Толстяк закряхтел. Вытер рукавом пот со лба. Хасан смотрел на него терпеливо, стараясь отогнать сонливость.
– Вот, уважаемый хаджи, – сказал толстяк назидательно, – любим мы спокойствие. А в этой-то стране ох какое беспокойство зреет. Вы и сами, должно быть, увидели. Армянин-то – крутой парень, ох, крутенек. Все по-своему сделать норовит. А нам так при старике Мустансире хорошо, мы первейшие ему верные. А без него будет как? …Эх. Вон, в Конье, наших со стены вывесили, как селедок вялиться. А в Иране вашем что делается? Не продохнуть от тюрок этих. …В общем, вижу, утомил я вас, хаджи. Так я прямо к делу. Мы вам помочь можем, в задумках ваших. Конечно, не в том, чтобы одного богослова в отместку отходить, ну так вы же умный человек, вы, наверное, про такое и не думали. В других задумках. В больших. Насчет будущего спокойствия. И всяких свежеобрезанных начальников, понимаете? Мы поможем, не сомневайтесь. У нас хорошие связи. С большими людьми. Оч-чень большими. Которым мы помогаем. И которые тоже готовы помочь тем, кто поможет им. Что на это скажете?

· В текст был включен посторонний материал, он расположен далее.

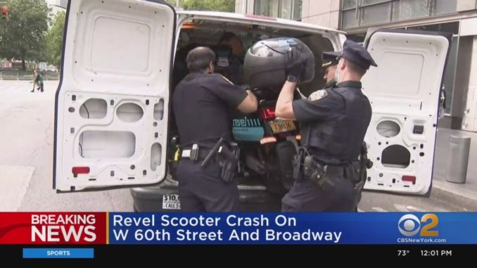 НЬЮ-ЙОРК — Пожилая женщина была ранена после того, как во вторник утром ее сбил водитель скутера Revel на Columbus Circle. Работник фургона, который видел последствия, сказал, что это была очень печальная сцена. 82-летний пострадавшая получила тяжелые травмы. Водитель скутера оставался на месте. На видео видно, как полиция Нью-Йорка увозит скутер после инцидента, который произошел около 7:30 утра. Полиция сообщила, что водитель скутера сбил женщину на перекрестке когда двигался по Бродвею в направлении на юг по 60-й улице. Это был последний инцидент со скутерами Revel. Компания временно уже закрывалась летом, после гибели трех человек, в том числе репортера Нины Капур. На ней, как и на многих других участниках аварий, не было шлема. Среди других новых протоколов безопасности, Revel теперь требует, чтобы пользователи делали селфи, показывая, что они одели шлем.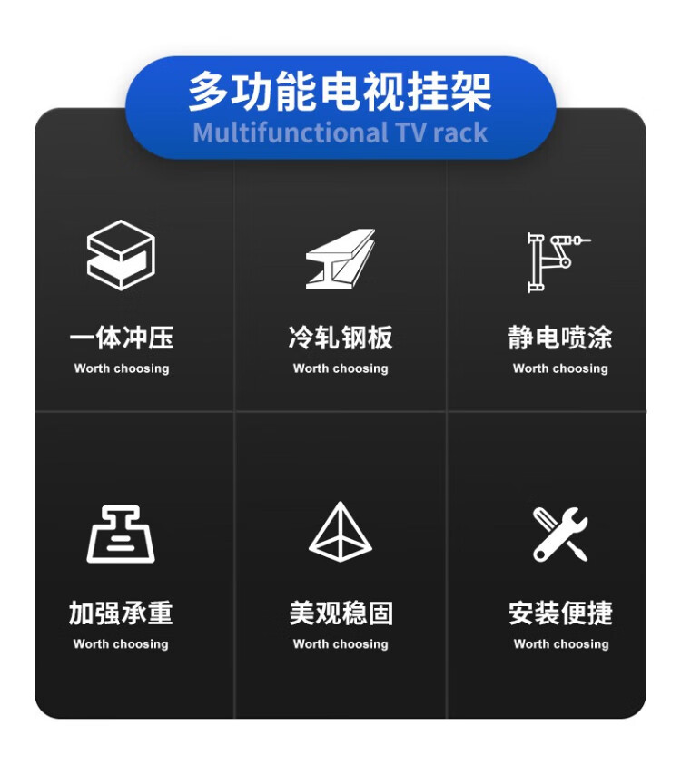 Yizhigu TV hanger wall punched pitch adjustable 40-75 inches universal for Xiaomi Hisense Skyworth Sony Huawei Changhong TCL Huawei smart screen TV bracket reinforcement

– …Это хорошо, – сказал Хасан, подумав. – А какую плату потребуют с меня сыны Сасана?
– Пока никакой. А вот если уважаемый даи наберет силы – может, он возьмет под крылышко и нас, грешных.
– А если даи так и не наберет силы?
– Ну, всякий купец рискует, когда товар покупает и караван снаряжает. Мало ли что в пути случается. Какая же прибыль без риска? Зато какая прибыль может быть… – толстяк сладко зажмурился и сделался похожим на кота.
– Хорошо. Я готов согласиться и принять вашу помощь. Только соглашусь я, когда своими глазами увижу, что вы на самом деле хотите сделать… большое дело ради спокойствия сделать.
– Ну, за чем дело стало. – Два Фельса ухмыльнулся. – Скоро. И своими глазами, обещаю.
Вдруг встал, с неожиданным для такой туши проворством.
– Эх, не дождусь я чаю, так и пойду. Выздоравливайте, почтенный хаджи. И не бойтесь ночных улиц, такое больше не повторится, обещаю.
Толстяк поклонился. Шагнул к двери. У нее, приостановившись, картинно шлепнул себя по лбу и воскликнул: «Ох, совсем забыл. Вы, хаджи, если вздумаете меня искать, не ищите никакую лунную харчевню у полдневного базара. И монетку, которую я вам дал, лучше выбросьте, если она еще осталась у вас. Это у нас знак такой, не совсем хороший. Для простецов».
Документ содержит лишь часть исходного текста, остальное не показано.